For table and namespace IDs, this would somewhat conflict with the goal to keep toString() equivalent to canonical() in the API contract for AbstractId.

I was not really sure of the best way to implement this, was not sure about changing toString() on existing id type. I like toString() being the same as canonical() personally, because that is nice when someone adds their own context. We could have String toLog() method or something similar that is short and can be used when logging the id.

ctubbsii commented 2 years ago

We could have String toLog() method or something similar that is short and can be used when logging the id.

The problem with using something other than toString(), is that we have to remember to explicitly convert it ourselves, and we frequently forget to do that. A log builder or some other wrapper around logging could force us to do it, though (because its API could require some kind of Loggable object instead of accepting strings).

keith-turner commented 2 years ago

The problem with using something other than toString(), is that we have to remember to explicitly convert it ourselves, and we frequently forget to do that.

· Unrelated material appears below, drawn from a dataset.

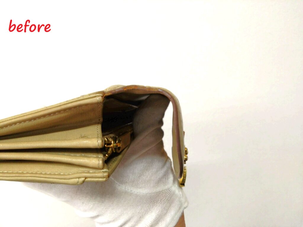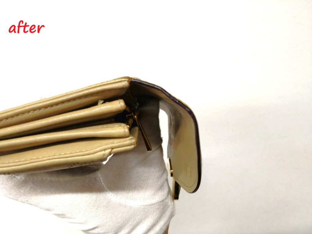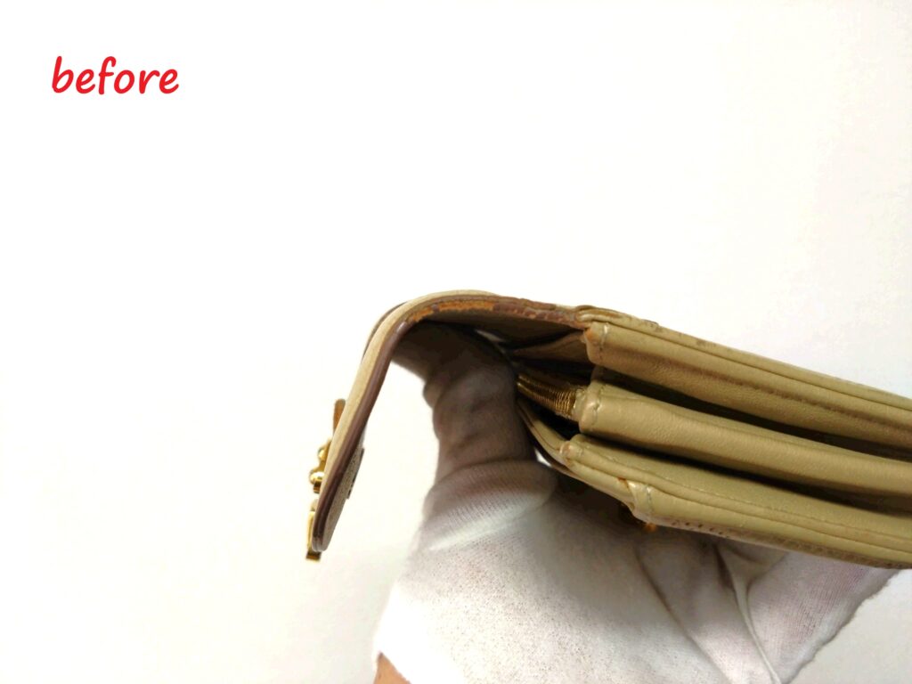 財布を初めて拝見した際、部分的に汚れが目立つ部分があります。また、財布のコバがはがれていました。

A log builder or some other wrapper around logging could force us to do it, though (because its API could require some kind of Loggable object instead of accepting strings).

Looked around for ways to have custom formatting for objects in log4j and found this :

https://logging.apache.org/log4j/log4j-2.17.0/log4j-api/apidocs/org/apache/logging/log4j/util/StringBuilderFormattable.html

ran the following test

package org.apache.accumulo.test;

import org.apache.logging.log4j.util.StringBuilderFormattable;
import org.slf4j.LoggerFactory;

public class Test {
  public static class Foo implements StringBuilderFormattable {
    @Override public void formatTo(StringBuilder buffer) {
      buffer.append("TABLE_ID[99]");
    }
  }

  @org.junit.Test
  public void test1(){
    var log = LoggerFactory.getLogger("TL1");
    log.info("This is only a test: {}", new Foo());
  }
}

which printed

2022-02-14T20:20:35,625 [TL1] INFO : This is only a test: TABLE_ID[99]

So maybe the abstract id type could implement this interface for logging the id.

ctubbsii commented 2 years ago

2022-02-14T20:20:35,625 [TL1] INFO : This is only a test: TABLE_ID[99]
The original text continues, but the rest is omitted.